Neural precursor cells are cultured using induced pluripotent stem cells, and these precursor cells that can differentiate into neural cells are transplanted into the brains of patients with Parkinson’s disease. Under the treatment of this method, the patient’s hands and feet trembling and other symptoms were significantly improved. The implanted stem cells played a major role in the monkey brain of the patient, and there were no abnormalities within two years after transplantation. At present, stem cell therapy has entered the clinic.
Although the use of stem cell transplantation to treat Parkinson’s disease currently requires more clinical trials to prove its effectiveness, but pre-clinical and some clinical data have given very positive results feedback. Stem cells have the characteristics of pluripotent differentiation potential and secretion of multiple factors, or will become a new hope to delay or even cure degenerative diseases such as Parkinson’s disease.
At present, there is no complete cure for Parkinson’s disease, and drug therapy is still the mainstay. Drugs can relieve the symptoms of Parkinson’s disease. Although its effect is merely relief, it is difficult to fundamentally cure Parkinson’s disease, but we never give up the pace of exploration. We have made great progress in finding and developing new treatments for PD. Several drug candidates are entering clinical research, and they have the potential to change the disease process. Although the pathogenesis of PD has not been fully clarified, with the discovery of better disease biomarkers and targets, the development of better PD therapies has broad prospects.
Medicilon has effective models for evaluating new drugs for the treatment of PD, including MPTP-induced subacute PD model in mice, MPTP+ probenecid-induced chronic PD model in mice, and oxytremor-induced choline-like symptoms model.
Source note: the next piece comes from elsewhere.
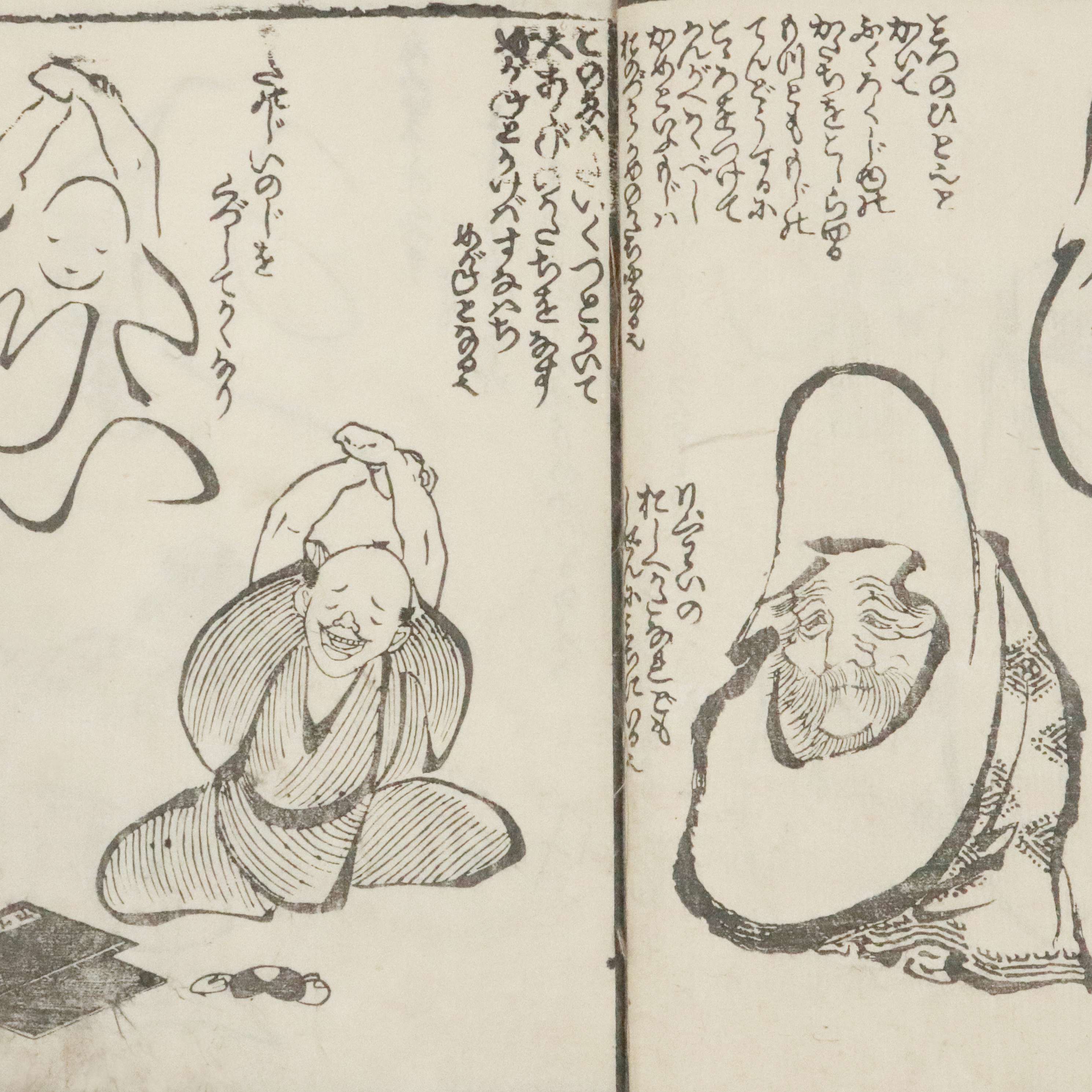 葛飾北斎は、70年にわたる長い画業のなかで、様々なジャンルに取り組んだが、とくに50歳代以降に力を注いだのが「絵手本」だ。絵手本とは、絵を学ぶ人々のために制作された参考書であり、北斎も複数の絵手本を作成した。そのなかでもっとも広く知られているのが『北斎漫画』であり、その制作においては、同時代の絵師・鍬形蕙斎の『略画式』という略画の絵⼿本が大きな影響を与えたとされる。

Rotation bar method, pole climbing method, grip test and other methods to evaluate the improvement of the test substance on the symptoms of PD. Immunohistochemical staining (ICH) method can be used to observe whether the test substance is protected by dopamine neurons (TH staining) Effect, by immunohistochemical staining of α-synuclein, GFAP, Iba-1, etc., to observe the effect of the test substance on the corresponding pathology. We have successfully conducted effective new drug evaluation services for Chinese and foreign customers.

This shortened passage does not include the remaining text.